(YOUR OBJECTIVE)
Within the listing below, give again exactly the lines between the one containing "Sequins Kiss Lips" and the one containing "С утра отправляемся", inclusive, pictures left aside.

(INPUT DATA)
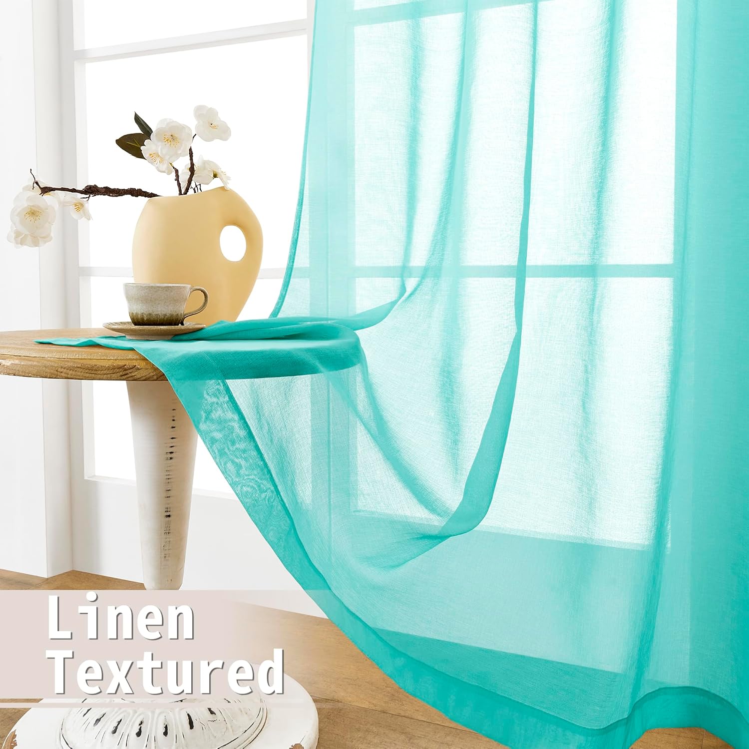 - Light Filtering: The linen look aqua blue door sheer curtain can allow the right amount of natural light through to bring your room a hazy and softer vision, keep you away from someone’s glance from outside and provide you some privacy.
...
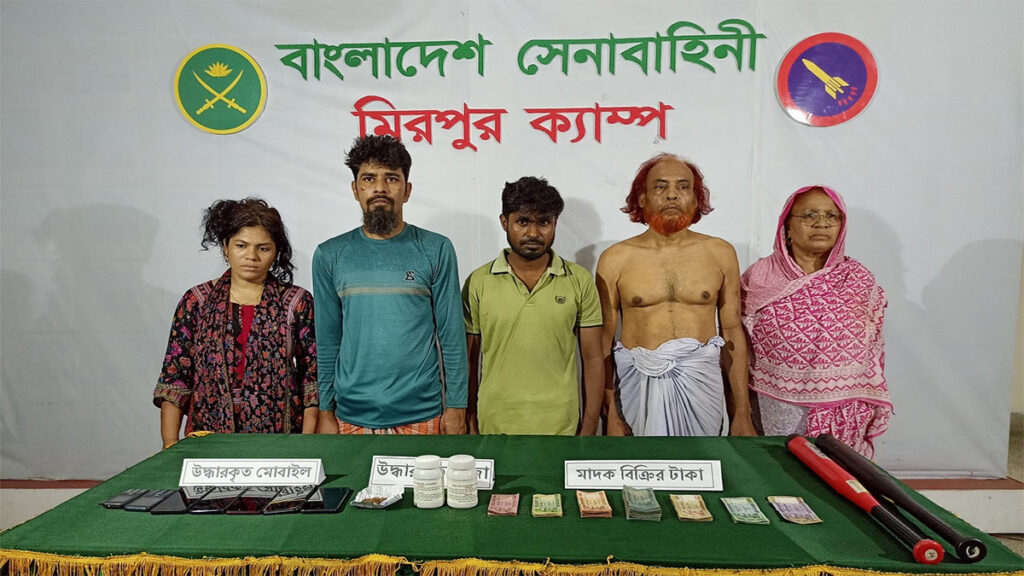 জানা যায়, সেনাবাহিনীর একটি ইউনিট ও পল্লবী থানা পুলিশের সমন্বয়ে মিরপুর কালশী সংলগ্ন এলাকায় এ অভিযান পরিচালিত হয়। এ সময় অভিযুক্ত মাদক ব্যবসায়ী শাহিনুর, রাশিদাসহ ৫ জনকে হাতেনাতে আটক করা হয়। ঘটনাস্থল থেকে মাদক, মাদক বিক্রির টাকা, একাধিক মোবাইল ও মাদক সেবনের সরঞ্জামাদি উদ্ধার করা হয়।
--
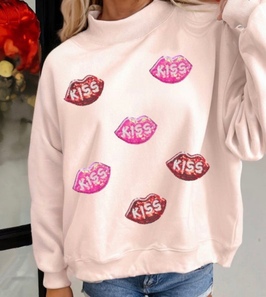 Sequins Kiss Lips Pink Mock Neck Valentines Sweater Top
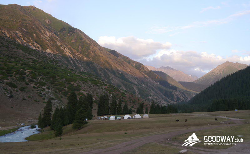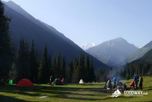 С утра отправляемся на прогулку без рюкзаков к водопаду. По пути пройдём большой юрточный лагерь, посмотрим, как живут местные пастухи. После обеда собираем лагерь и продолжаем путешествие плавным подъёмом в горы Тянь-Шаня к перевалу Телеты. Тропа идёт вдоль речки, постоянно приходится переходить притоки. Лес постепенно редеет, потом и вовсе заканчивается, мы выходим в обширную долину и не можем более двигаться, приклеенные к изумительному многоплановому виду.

(SOLUTION TO THIS PROBLEM)
 Sequins Kiss Lips Pink Mock Neck Valentines Sweater Top
 С утра отправляемся на прогулку без рюкзаков к водопаду. По пути пройдём большой юрточный лагерь, посмотрим, как живут местные пастухи. После обеда собираем лагерь и продолжаем путешествие плавным подъёмом в горы Тянь-Шаня к перевалу Телеты. Тропа идёт вдоль речки, постоянно приходится переходить притоки. Лес постепенно редеет, потом и вовсе заканчивается, мы выходим в обширную долину и не можем более двигаться, приклеенные к изумительному многоплановому виду.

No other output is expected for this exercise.